During embryogenesis genes are expressed in temporal and spatial manner to perform functions. Based on our previous work, two differentially expressed genes, CagMdkb and CagApoA-IV, were identified from the suppression subtractive hybridization (SSH) cDNA plasmid libraries between 10-somite embryos and gastrula embryos in gibel carp. Their expression patterns and functions during embryogenesis were investigated in present study.
Mdk is a secreted protein that plays an important role in neurogenesis and involves in human tumors. In this study, RT-PCR analysis reveals that CagMdkb is first transcribed in gastrula embryos and maintains a relatively stable expression level during the following embryogenesis. Western blot analysis reveals a 19 kDa maternal CagMdkb protein band. At around 10 somite stage, the 19 kDa CagMdkb is processed to another protein band of about 17 kDa, which might be the secreted form with the 21-residue signal peptide removed. With immunofluorescence analysis, maternal CagMdkb protein is localized in each blastamere cell of early embryos. The zygotic CagMdkb positive fluorescence signal is detected from a pair of large neurons at 18-somite stage. At the later stages, CagMdkb protein is also extended to numerous small neurons in forebrain, midbrain and hindbrain, as well as nerve fibers in spinal cord. Co-localization with 3A10 antibody reveals CagMdkb immunoreactivity on the developing Mauthner neuron, a member of reticulospinal neurons. In addition, ectopic expression of CagMdkb in early embryos of gibel carp and zebrafish suppresses forebrain structures formation, and CagMdkb function depends on the secretory activity. All these findings indicate that CagMdkb plays an important role in neural development during gibel carp embryogenesis and there is functional conservation of Mdkb in fish brain formation.

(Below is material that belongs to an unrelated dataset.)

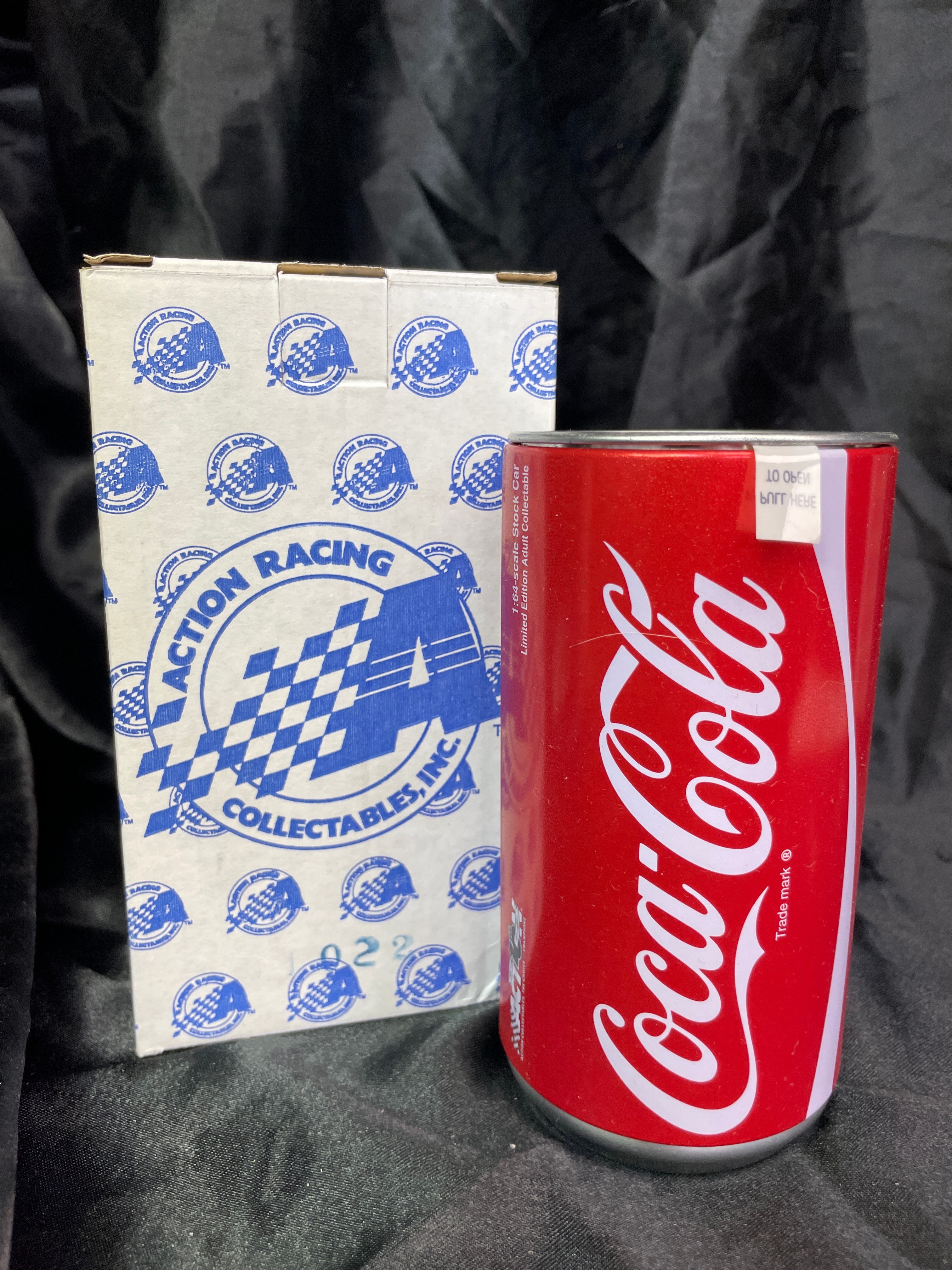 A limited edition collectible Coca-Cola beverage can, identified as containing a 1/64 scale diecast model of Dale Earnhardt’s #2 1980 Ventura. The can is standard red and white with the classic Coca-Cola script logo. It is housed in its original branded cardboard box. Both the can’s base and the box’s side feature identical silver labels, clearly stating “Dale Earnhardt #2 Coke 1980 Ventura, ” identifying it as “1 of 61,680” with P/N 102058. The white box is adorned with repeating blue “ACTION RACING COLLECTABLES, INC.” logos, which include a stylized “A” integrated with a checkered flag design.

ApoA-IV is a member of apolipoprotein family. Whole-mount in situ hybridization reveals CagApoA-IV is predominantly transcribed at YSL in the early embryos, and later the transcripts are restricted in the liver in 5-day larva. In adult the transcripts are mainly in liver and intestine. The newly synthesized CagApoA-IV protein was also firstly detected in the YSL in early stage. At larvae stage CagApoA-IV protein is abundantly localized in the brain ventricles, in pharynx and gill lamellae, in the endothelium layers of swim bladder, in the epithelial complex of pronephric tubules, in the atria and ventricle of the heart, in the sinusoids of the liver, in the dorsal aorta and intersegmental vessels and in the pancreas islet. When anti-sense morpholinos were injected into 1-cell stage embryos, the expression of the CagApoA-IV was reduced from gastrula stage, which leads to severe deficiencies in embryos and larvae at later stages. The dominant optic deficiencies include the shrink brain, abnormal cardiovascular system and decreased yolk absorbability. The anatomic sections also show severe deficiencies in other mesodermal and endodermal organs such as liver, intestine, kidney, and swim bladder. The data indicate that CagApoA-IV not only plays important roles in digestive system development but also affects brain and cardiovascular system formation which implicates deduced CagApoA-IV expression may related with the diseases in brain and cardiovascular system.